Multilayer Plasmonic Biosensor with Enhanced Evanescent Field Confinement for Early Detection of Blood Cancer
摘要
In this study, we developed and optimized a surface plasmon resonance (SPR) biosensor to detect blood cancer biomarkers. The sensor was studied with different metallic layers of silver (Ag), gold (Au), copper (Cu), and aluminum (Al), and dielectric substrates BK7, K5, and BAK1. To improve the performance of the sensor, functional layers of silver arsenic sulfide (Ag₃AsS₃), silver gallium sulfide (AgGaS₂), and aluminum antimonide (AlSb) were considered on top of the metallic films. Sensitivity, quality factor (QF), detection accuracy (DA), and full-width-at-half-maximum (FWHM) sensor characteristics were studied based on the angular interrogation method using a transfer matrix approach at a wavelength of 633 nm. The optimized configuration: BK7–Ag (54 nm)–Ag₃AsS₃ (1 nm)–AgGaS₂ (3 nm)–AlSb (2*0.53 nm)–analyte exhibited significantly improved characteristics, with a sensitivity of 398.1°/RIU, a QF of 142.45 RIU⁻¹, and superior DA of 1.994; when compared to conventional metallic configurations.
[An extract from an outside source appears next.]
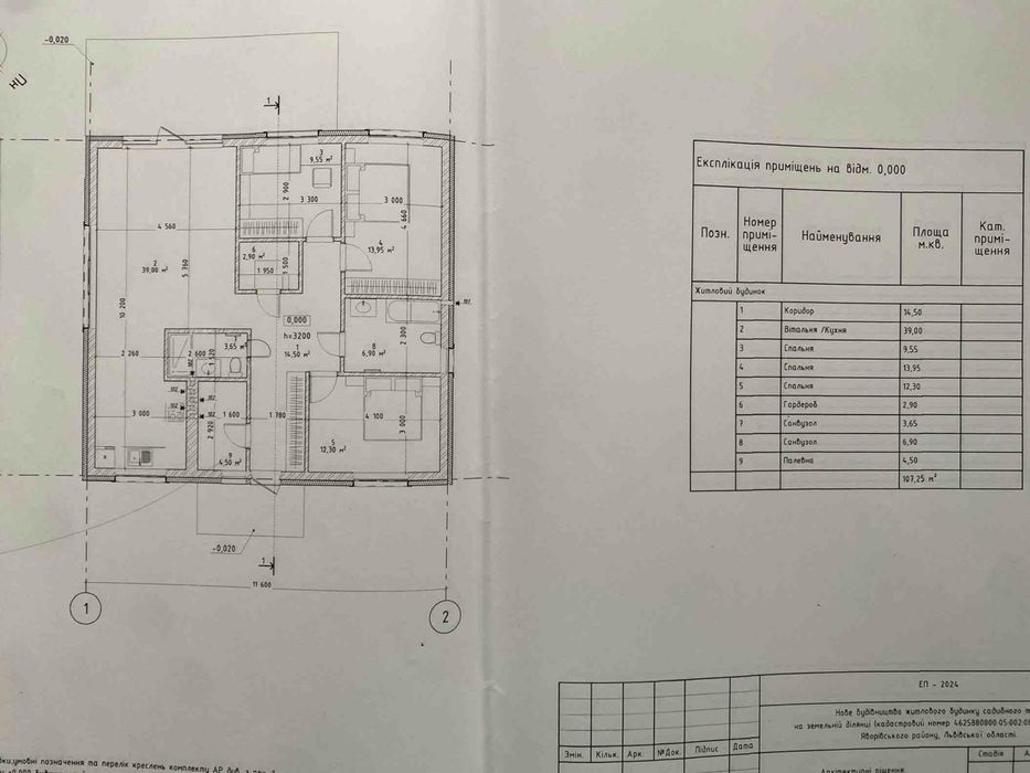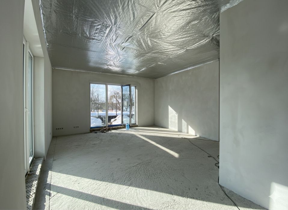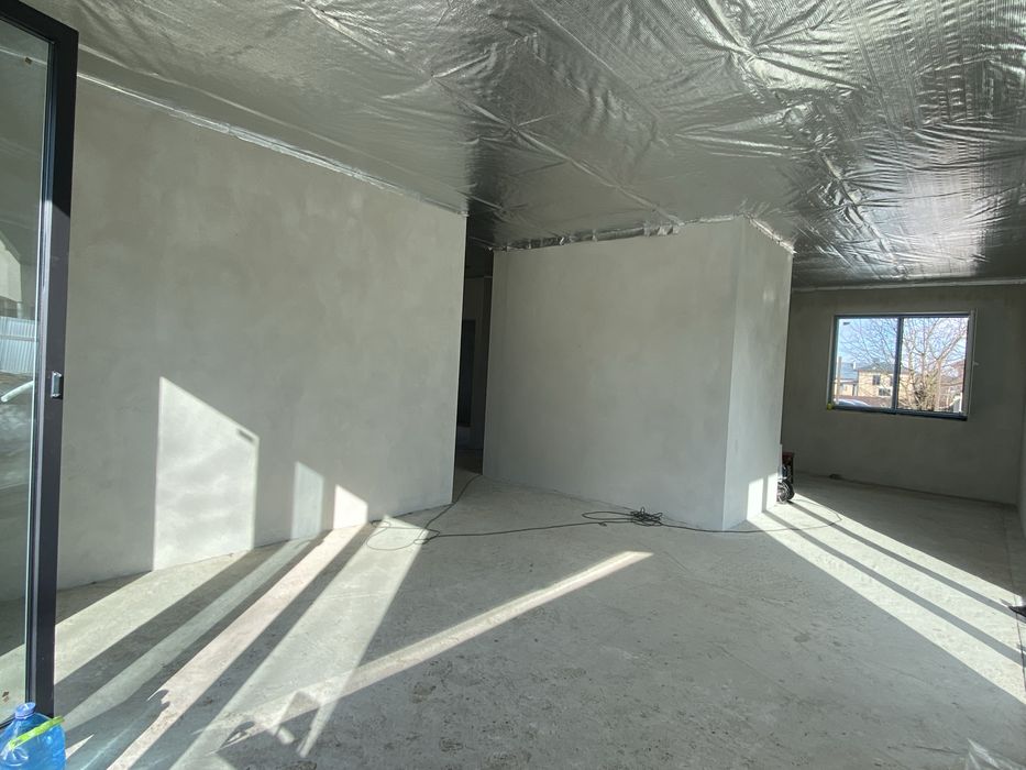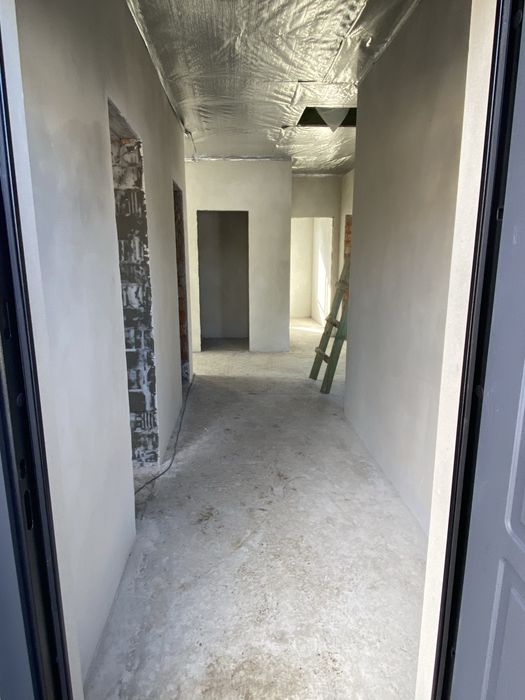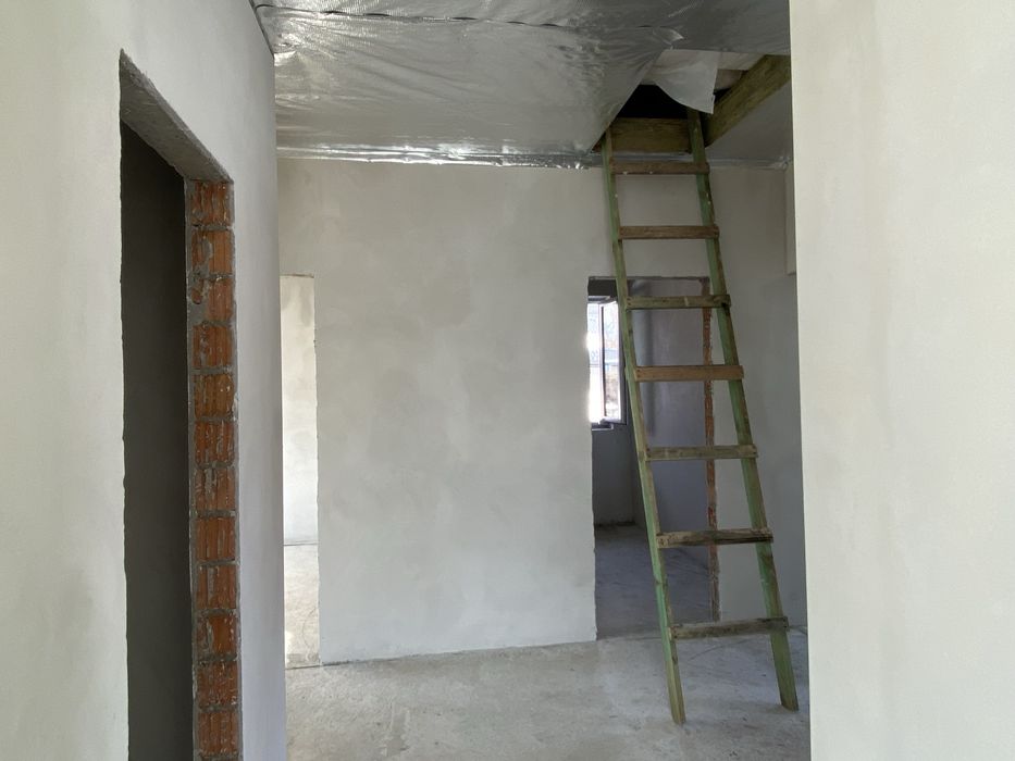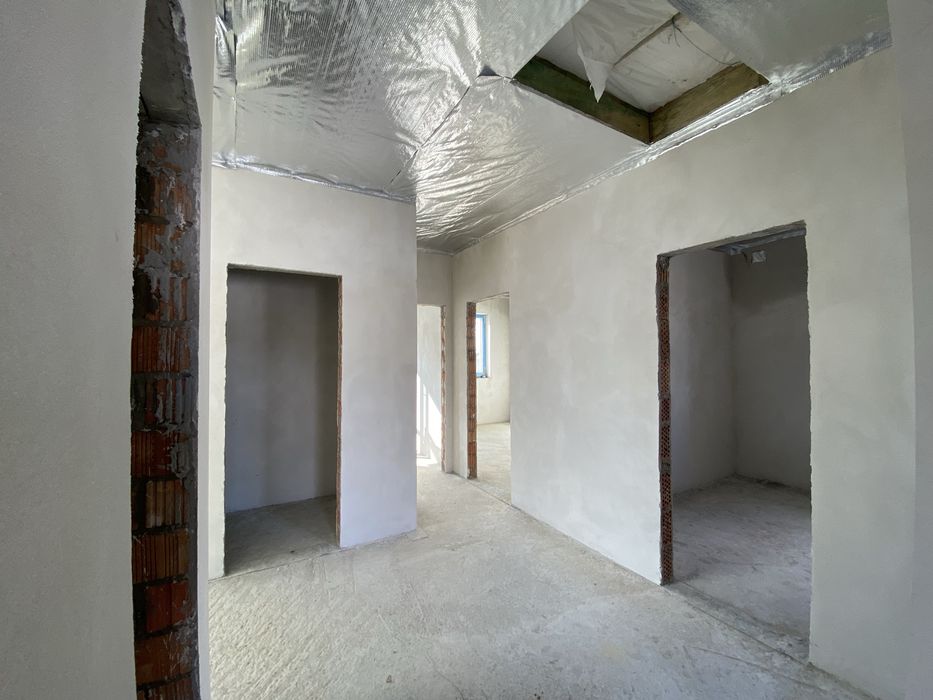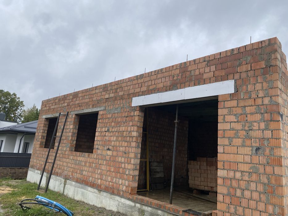 Стіни з подвійної цегли (керамоблоку), повністю поштукатурені та зроблені відкоси. Висота до стелі 3м. Якісно змонтований дах, та перекриття. Проведено монтаж армовано-фольгованого паробарєру. Є власне горище. Накритий будинок польським металопрофілем Т18, Дахова мембрана Strotex-Q Supreme 170г/м.,водостічна система Bryza. Зроблено підшивку звисів даху, та встановлені вуличні віконні відливи (підвіконники).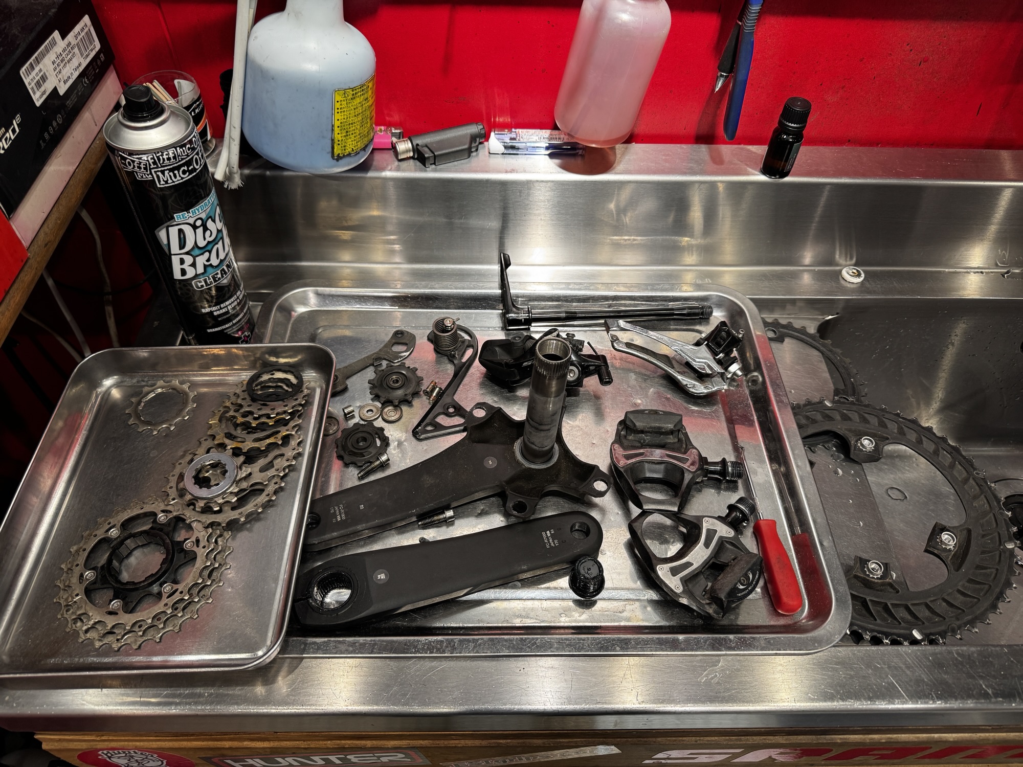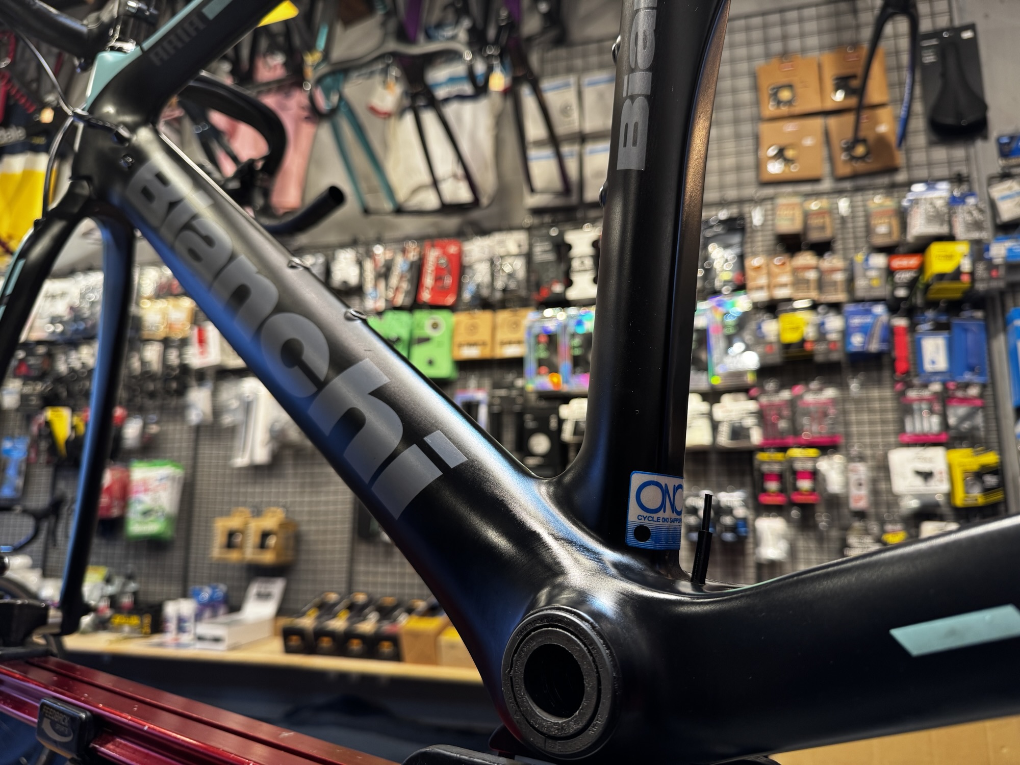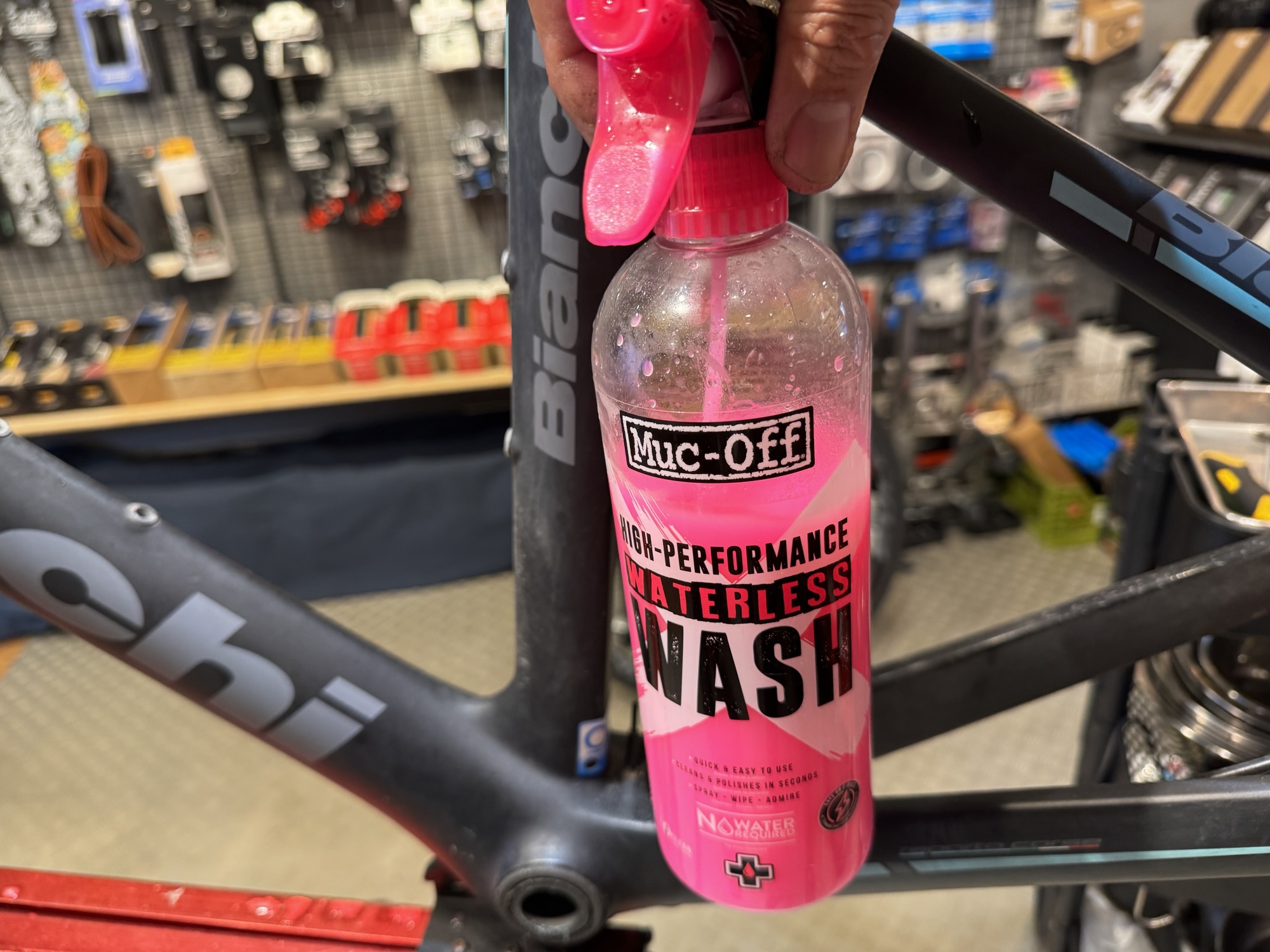 かなーりこのビアンキさんは汚れていたので、まずはフレーム掃除から。このケミカルが便利です。

The utilization of noble metals in combination with chalcogenide and antimonide materials results in a magnified field confinement and sharper resonance. The biosensor demonstrated potential for early-stage detection of leukemia and for further exploration in biomedical sensing and drilling down in healthcare diagnostics. This study is completely based on numerical simulations performed via transfer-matrix method (TMM) in MATLAB.